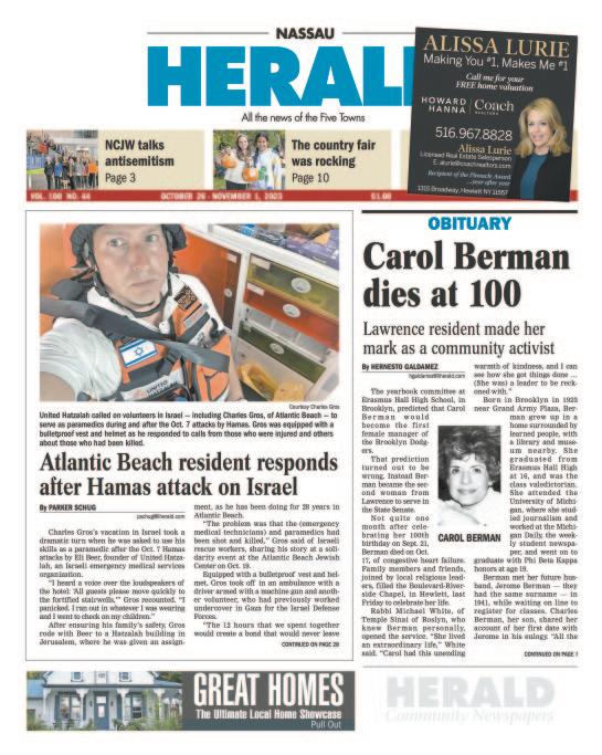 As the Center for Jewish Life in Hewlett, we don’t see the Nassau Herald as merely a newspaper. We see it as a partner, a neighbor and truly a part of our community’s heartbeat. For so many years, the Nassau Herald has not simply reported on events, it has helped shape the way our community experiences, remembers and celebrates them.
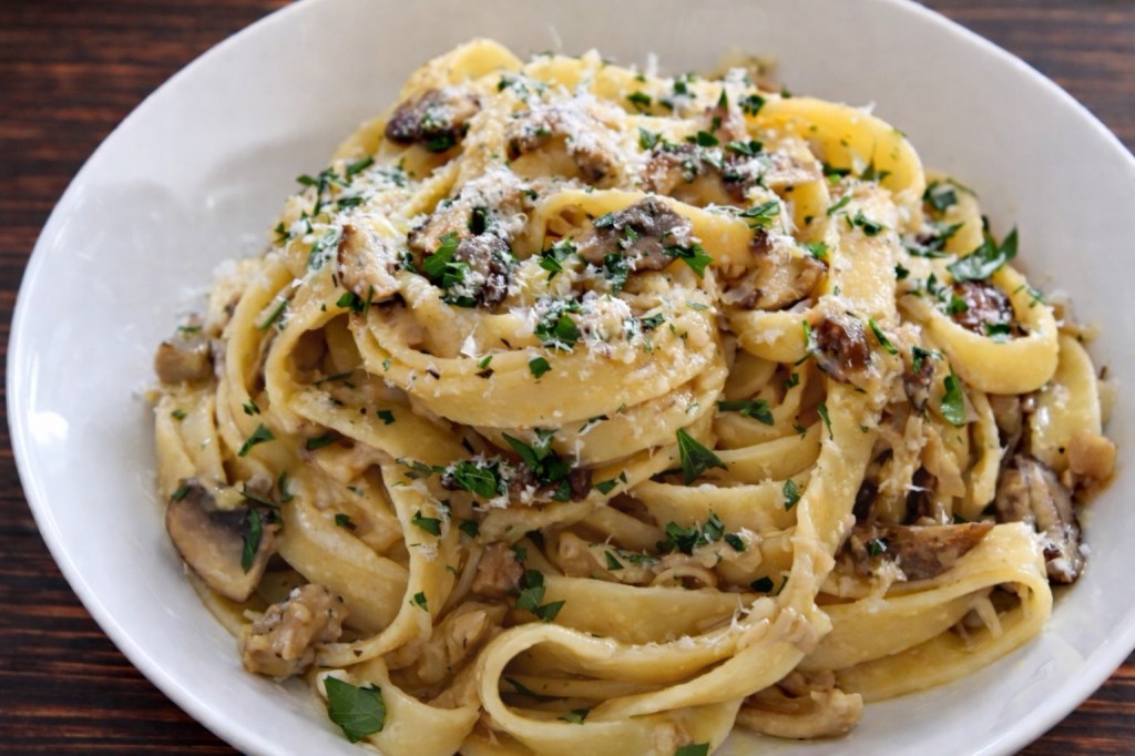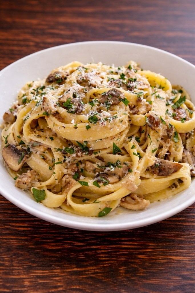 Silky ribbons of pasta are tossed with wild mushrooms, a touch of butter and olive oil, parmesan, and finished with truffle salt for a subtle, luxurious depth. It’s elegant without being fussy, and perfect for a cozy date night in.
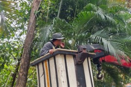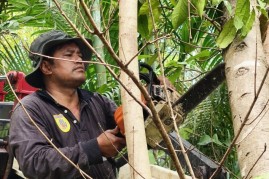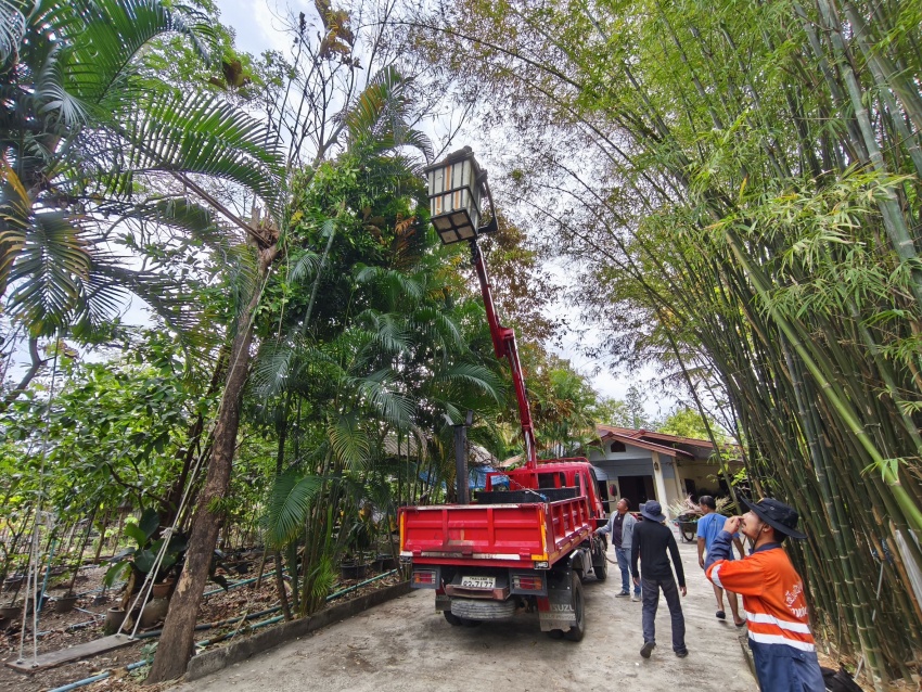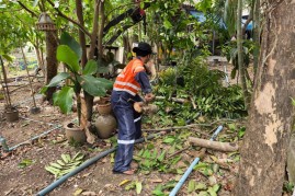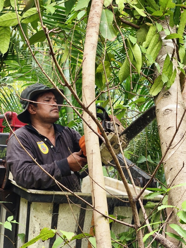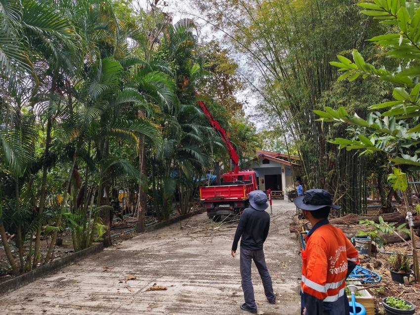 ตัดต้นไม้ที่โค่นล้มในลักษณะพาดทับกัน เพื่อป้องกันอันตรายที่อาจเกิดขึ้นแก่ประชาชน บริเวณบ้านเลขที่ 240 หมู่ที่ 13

· · · · ·

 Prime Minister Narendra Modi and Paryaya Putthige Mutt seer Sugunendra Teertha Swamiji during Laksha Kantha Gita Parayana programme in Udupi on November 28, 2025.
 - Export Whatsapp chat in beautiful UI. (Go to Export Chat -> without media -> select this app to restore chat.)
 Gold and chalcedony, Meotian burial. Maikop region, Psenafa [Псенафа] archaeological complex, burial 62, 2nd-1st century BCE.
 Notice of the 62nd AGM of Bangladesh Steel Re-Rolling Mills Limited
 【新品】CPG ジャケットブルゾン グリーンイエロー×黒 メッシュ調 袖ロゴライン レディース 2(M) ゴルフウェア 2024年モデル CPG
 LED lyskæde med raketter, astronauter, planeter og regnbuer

· · · · ·

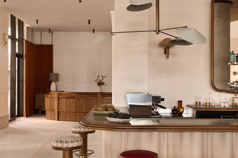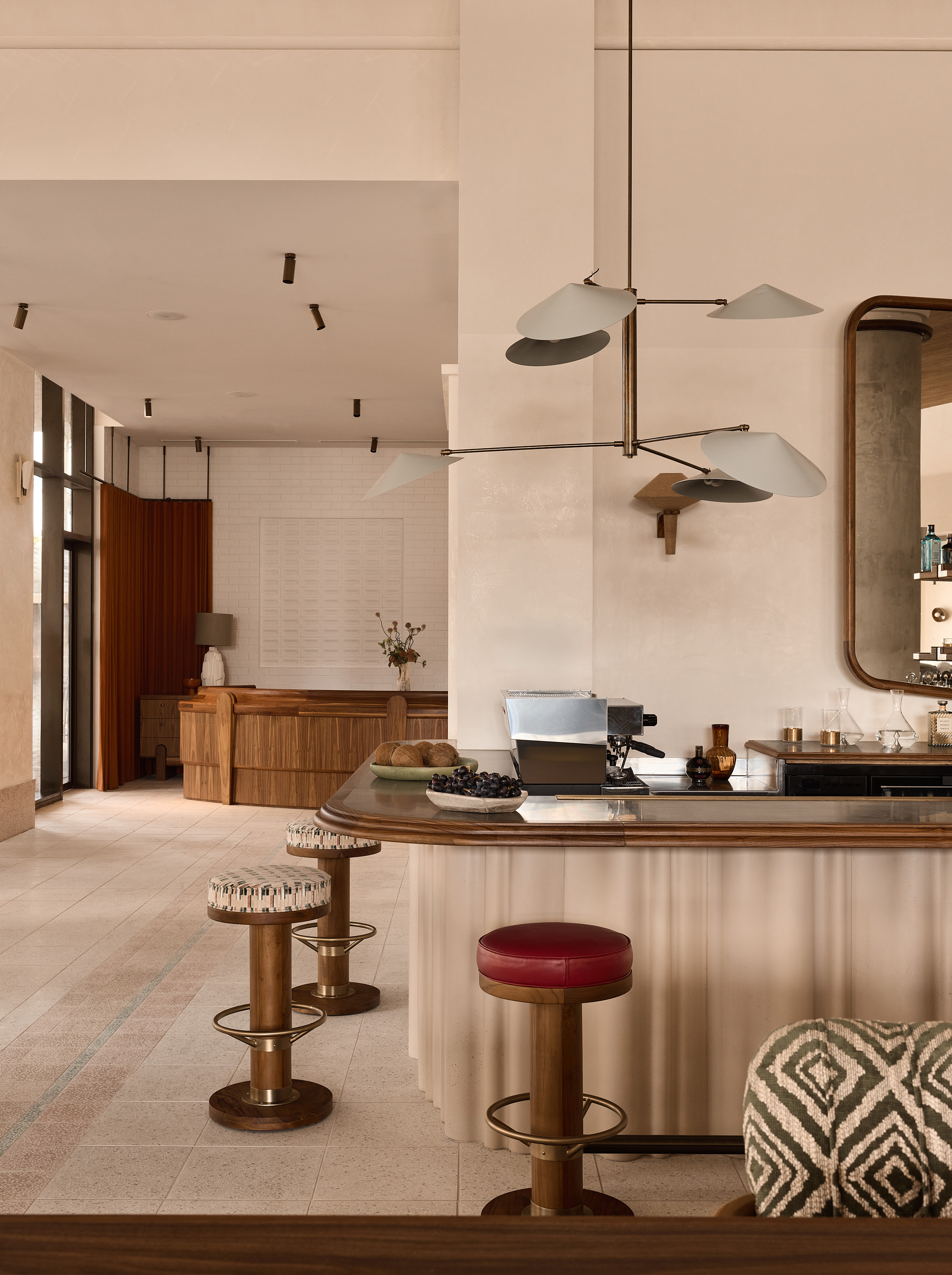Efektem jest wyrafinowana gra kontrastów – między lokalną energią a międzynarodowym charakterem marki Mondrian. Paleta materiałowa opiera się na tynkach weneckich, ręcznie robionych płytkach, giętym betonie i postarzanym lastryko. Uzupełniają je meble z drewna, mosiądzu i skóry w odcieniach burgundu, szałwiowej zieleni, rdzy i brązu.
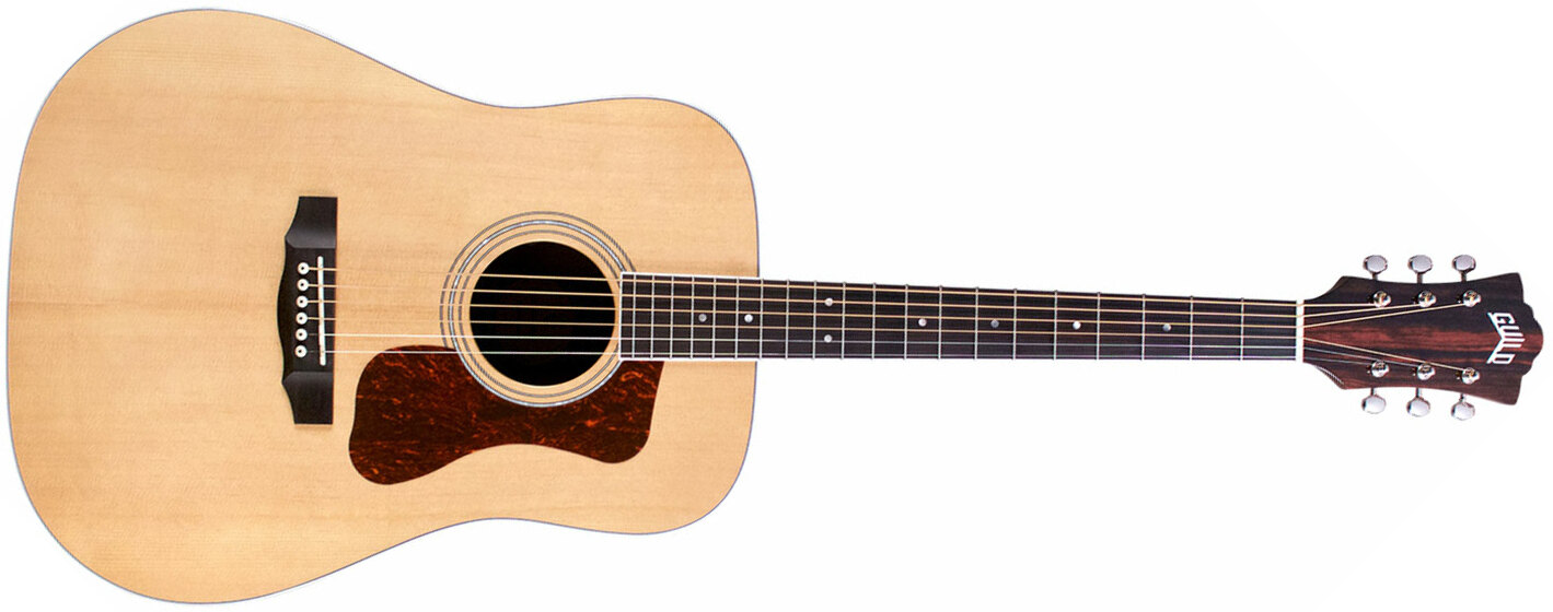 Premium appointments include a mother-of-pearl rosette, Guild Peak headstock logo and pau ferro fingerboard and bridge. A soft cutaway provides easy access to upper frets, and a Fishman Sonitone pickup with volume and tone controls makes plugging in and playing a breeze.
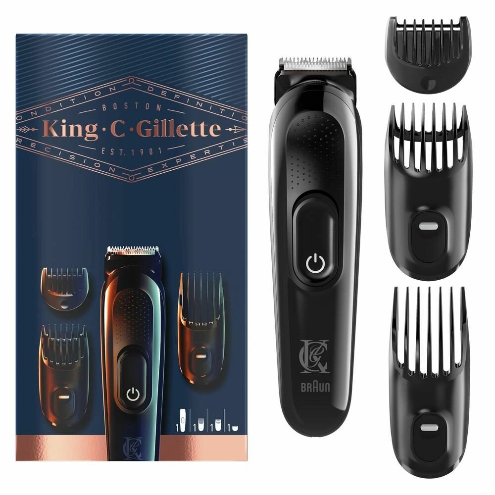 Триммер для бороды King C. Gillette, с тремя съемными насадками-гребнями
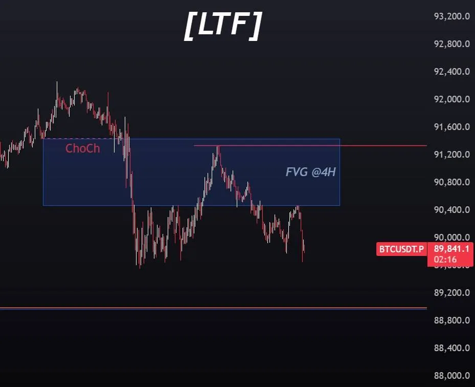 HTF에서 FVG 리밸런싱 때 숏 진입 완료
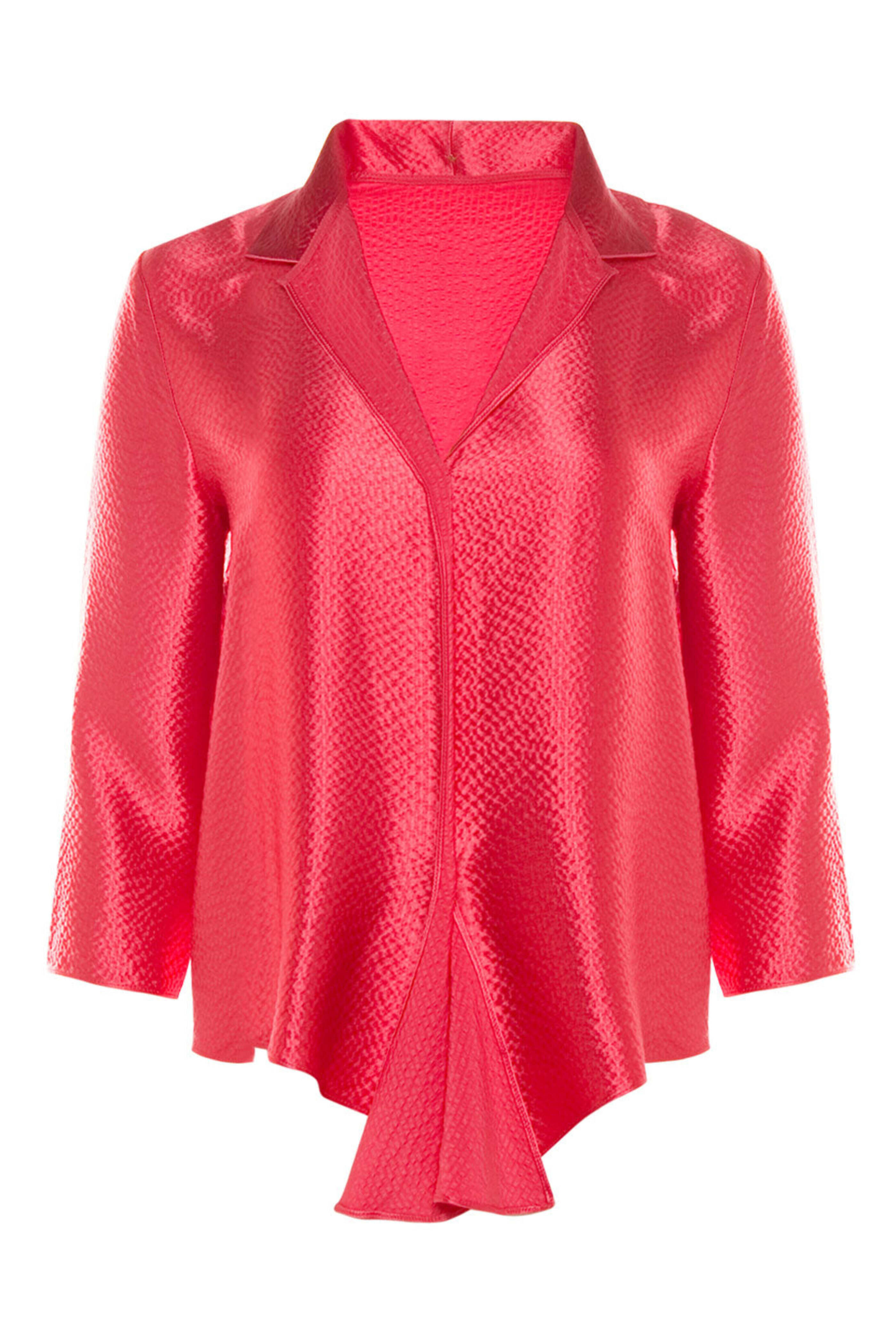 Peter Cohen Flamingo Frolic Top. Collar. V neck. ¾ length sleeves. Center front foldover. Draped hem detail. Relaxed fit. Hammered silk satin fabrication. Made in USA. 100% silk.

· · · · ·

▶ _Your goal_
Only the lines starting at the one with "Silky ribbons of" and ending at the one with "240 หมู่ที่ 13" should be printed, each exactly as it appears in the material above; the pictures are to be omitted.

▶ _Task result_
 Silky ribbons of pasta are tossed with wild mushrooms, a touch of butter and olive oil, parmesan, and finished with truffle salt for a subtle, luxurious depth. It’s elegant without being fussy, and perfect for a cozy date night in.
 ตัดต้นไม้ที่โค่นล้มในลักษณะพาดทับกัน เพื่อป้องกันอันตรายที่อาจเกิดขึ้นแก่ประชาชน บริเวณบ้านเลขที่ 240 หมู่ที่ 13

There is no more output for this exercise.